■ Problem to solve: All of the data goes into your copy exactly as written. Images do not.

■ Available data:
☆ ☆ ☆ ☆
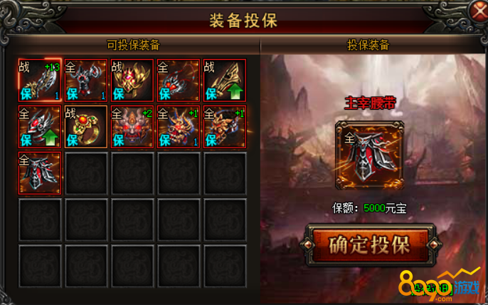 2、 投保的装备只能是角色已穿戴且非绑定的装备
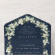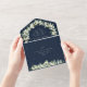 Invitation Tout En Un Réception de mariage Navy Snowberry+Eucalyptus uni
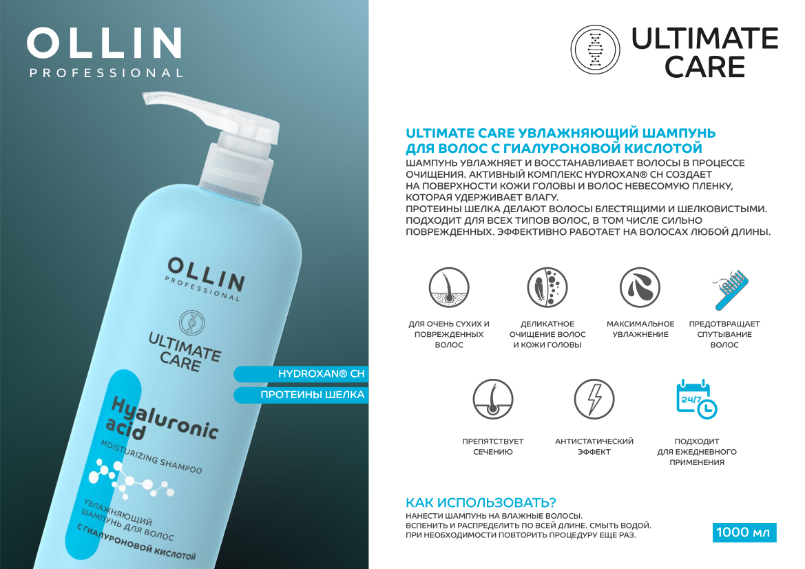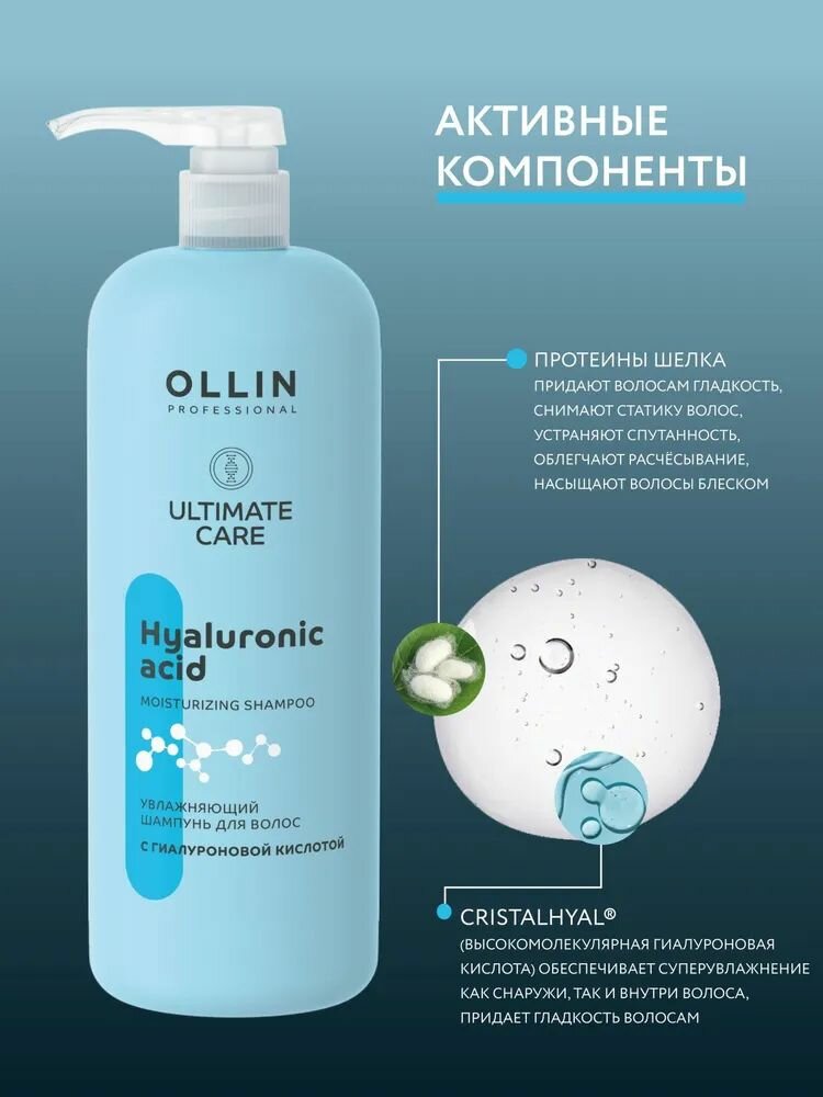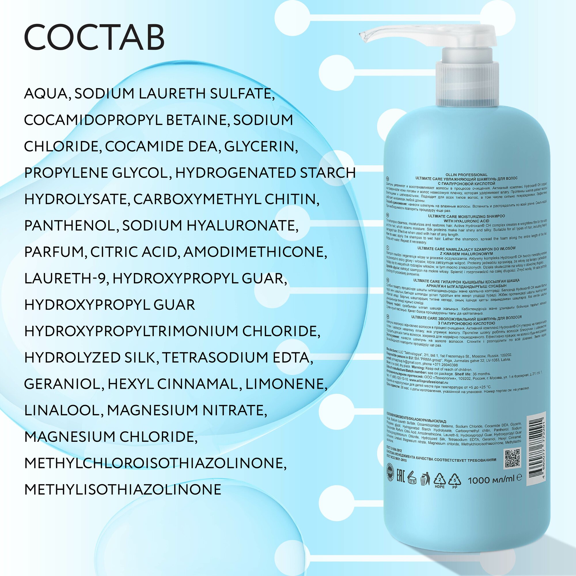 OLLIN, ULTIMATE CARE, Увлажняющий шампунь для волос с гиалуроновой кислотой, 1000 мл
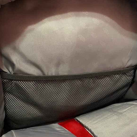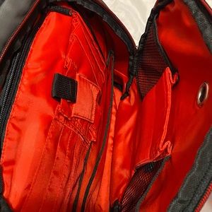 - 2 main compartments with one laptop/tablet pocket each that can be buckled and one mesh pocket each
☆ ☆ ☆ ☆
■ Written response:
 2、 投保的装备只能是角色已穿戴且非绑定的装备
 Invitation Tout En Un Réception de mariage Navy Snowberry+Eucalyptus uni
 OLLIN, ULTIMATE CARE, Увлажняющий шампунь для волос с гиалуроновой кислотой, 1000 мл
 - 2 main compartments with one laptop/tablet pocket each that can be buckled and one mesh pocket each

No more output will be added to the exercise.